Amanda Harrist received her B.A. in Plan II/Liberal Arts Honors at the University of Texas in 1984. She completed her Ph.D. at University of Tennessee in 1991, working as a Research Associate for the Child Development Project at UT Knoxville and Vanderbilt University. She joined the OSU faculty in 1998. Dr. Harrist’s research centers on an interest in the development of children’s social competence, specifically the early social antecedents of children’s competence and maladjustment exhibited in preschool and the early years of school, and the role social-cognition plays as a mediator.  To this end, she has explored the relation of children’s behavior in the peer group to early family (e.g., marriage, parent-child, sibling) interactions, observed both naturalistically and in the laboratory.  She is interested in interventions for children at risk in early social settings, and has pursued this via several funded projects, most recently in the USDA-funded Families & Schools for Health (FiSH) Project, a longitudinal study of the family and rural school contexts of child obesity.

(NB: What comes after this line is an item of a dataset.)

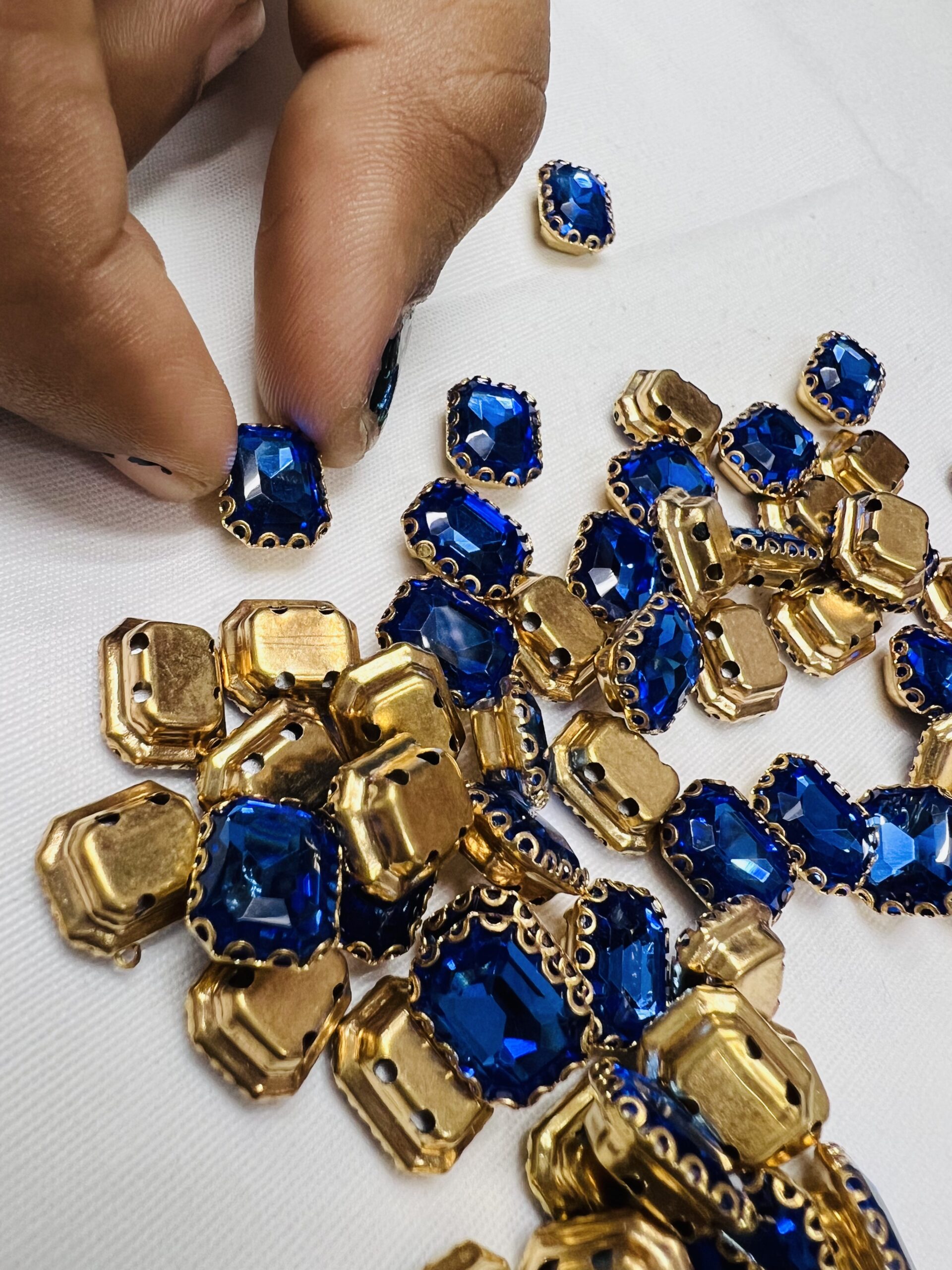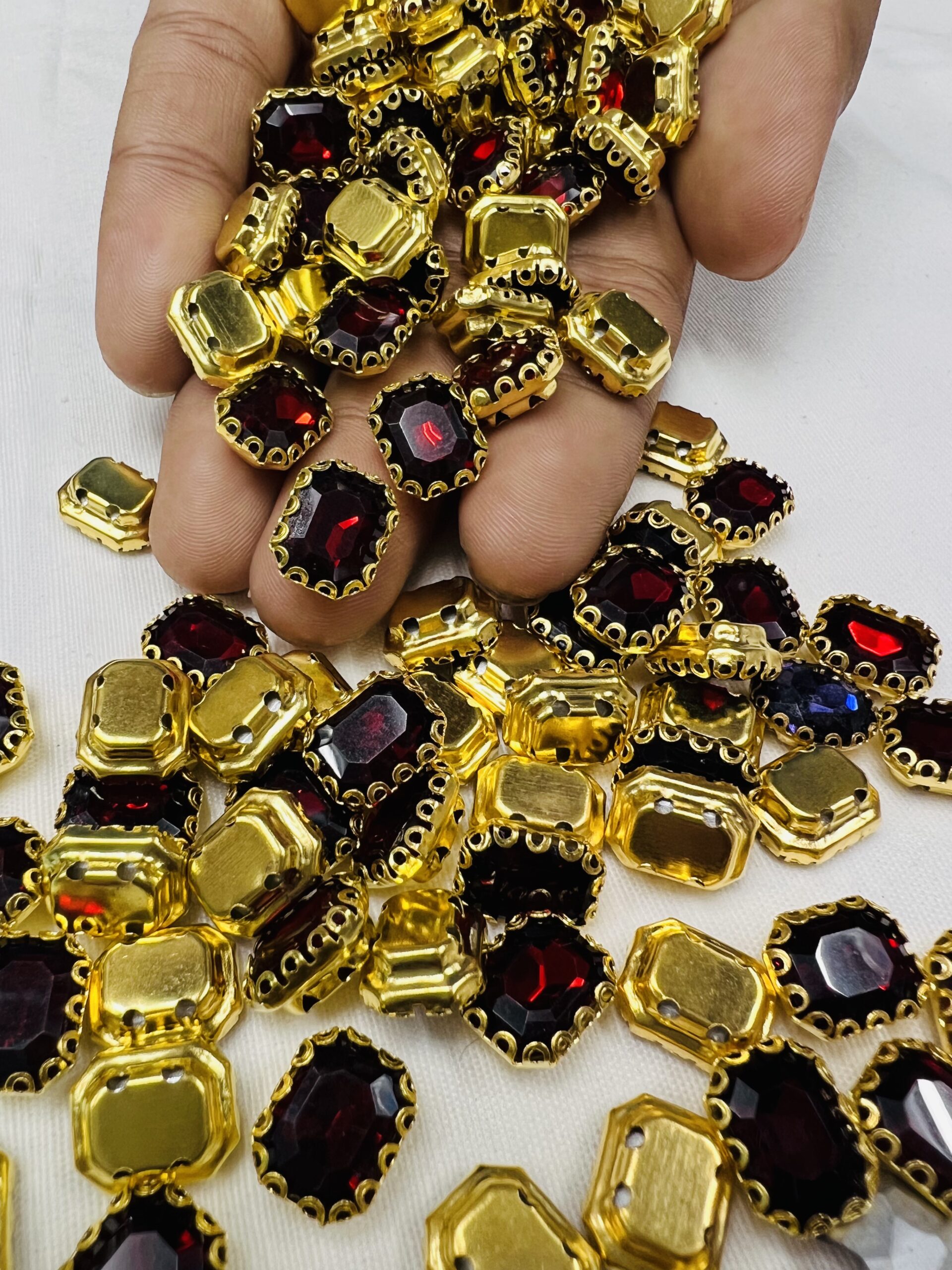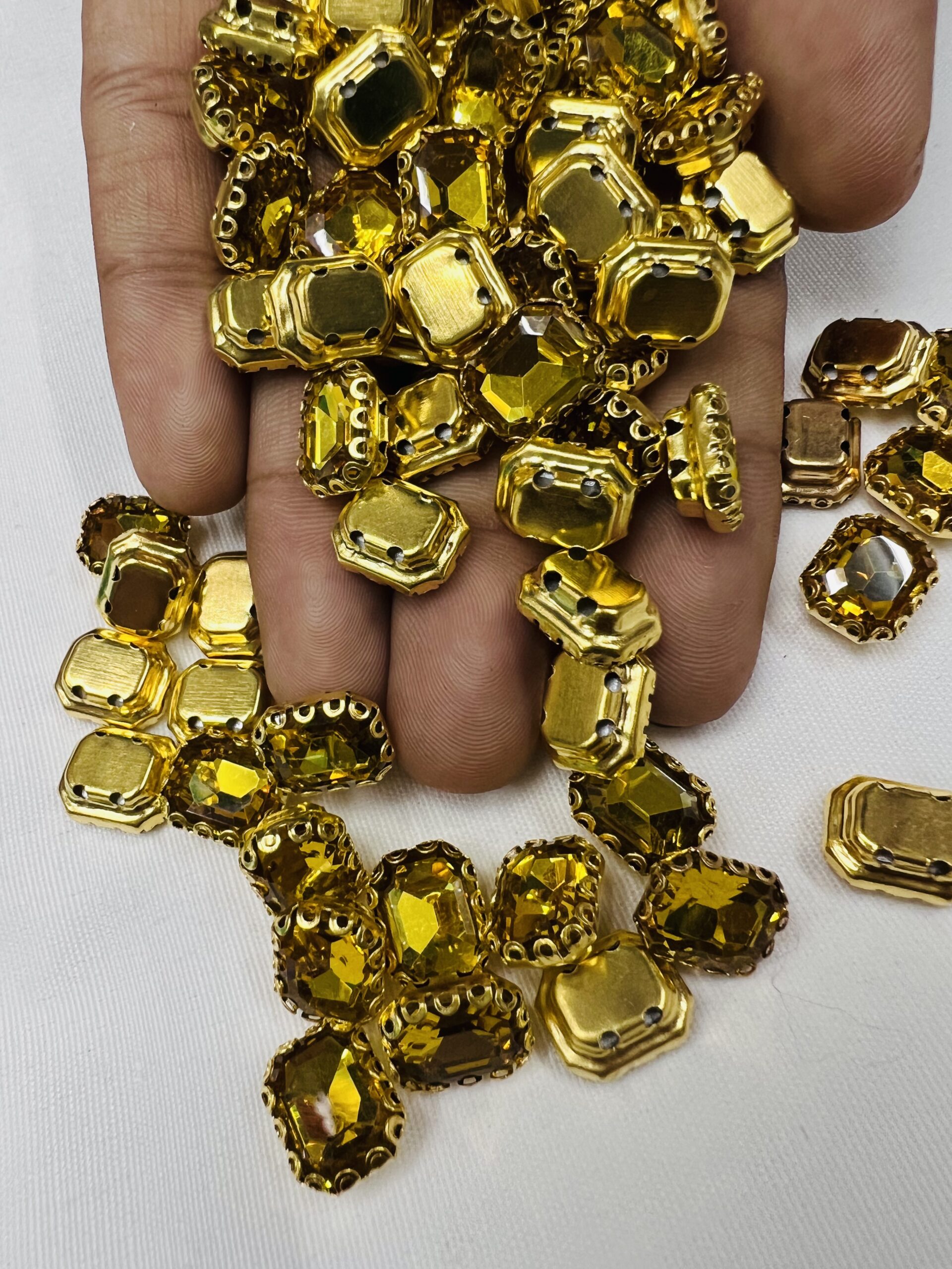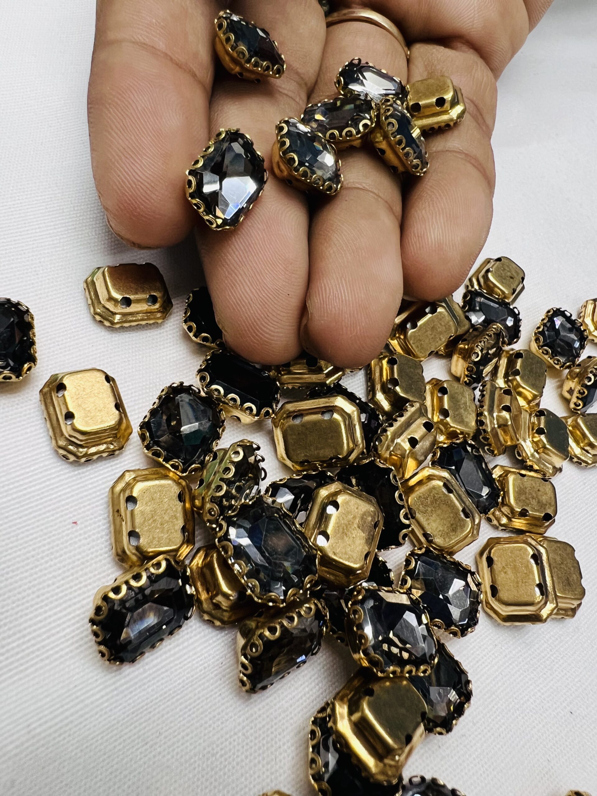 Be the first to review “Rectangle Emerald-Cut Clip Stones | Gold Frame Aari & Jewelry Embellishments(8×10)(20Pc)” Cancel reply

She also is working with OSU colleagues Dr. Carolyn Henry and Amanda Morris to refine a theory of family resilience.


Karina M. Shreffler, Ph.D.Karina M. Shreffler, Ph.D.
Professor, Ramona Ware Emmons Paul Professor of Early Childhood Development

Department: Human Development & Family Science

Office: OSU Tulsa, 2316 Main Hall

Phone: 918-594-8389


Areas of Expertise: Maternal and child health; Adversity and stress; Reproductive health and biomedical fertility barriers; Childbearing decisions and reproductive behaviors.

Karina Shreffler completed her B.S. in Sociology at Oklahoma State University and her M.A. and Ph.D. in Sociology and Demography at the Pennsylvania State University in 2007. She joined the OSU faculty in Human Development and Family Science in 2007. Trained as a quantitative survey research methodologist, Dr. Shreffler’s primary expertise is in family demography, with a particular emphasis on fertility and infertility. Her current research includes an NIH-funded longitudinal study of women from pregnancy through two years after childbirth to examine the biopsychosocial impacts of maternal childhood adversity on adverse birth outcomes and early child development. She also collaborates with OSU colleagues on additional OCAST and NIH-funded studies on topics including prenatal bonding, maternal substance use, and infant brain development.


Ronald Cox Jr., Ph.D.Ronald B. Cox Jr., Ph.D.

Professor and Extension State Specialist, George Kaiser Family Foundation Endowed Chair in Child and Family Resilience

Department: Human Development & Family Science

Office:  OSU Tulsa. 2120 Main Hall
Phone: 918-594-8440



Areas of Expertise: Stress and resilience; Adolescent development and high risk behaviors; Latino Family Relationship; Intervention development, evaluation, and research methods; Co-parenting through Divorce.

Ron Cox completed his B.A. in Psychology at Harding University, his M.A. in Marriage and Family Therapy at University of Louisiana, Monroe, and his Ph.D. in Human Ecology (with a minor in Methods of Quantitative Measurement) at Michigan State University in 2007. He joined OSU as a member of the faculty in 2007. Trained as a clinician in communication and systems theory, Dr. Cox draws on his clinical experience and quantitative expertise to translate research findings into interventions that are implemented in the community and evaluated. He then uses the information gleaned from these interventions to further inform his research. Dr. Cox’s primary work is currently funded by grants from the USDA, the NIH, the OSU Office of the Vice President for Research, the George Kaiser Family Foundation, and the Zarrow Foundation and focuses on developing and testing strategies that promote resilience among Latino immigrant youth and their families in a program called ¡Unidos Se Puede! He also leads the state-wide dissemination of an intervention designed to reduce trauma and foster resilience among children of divorcing parents titled, Co-Parenting for Resilience. Before returning to complete his Ph.D., Dr. Cox spent over 15 years residing in Venezuela, South America. This bi-cultural aspect of his personal and professional development informs much of his work as a scholar.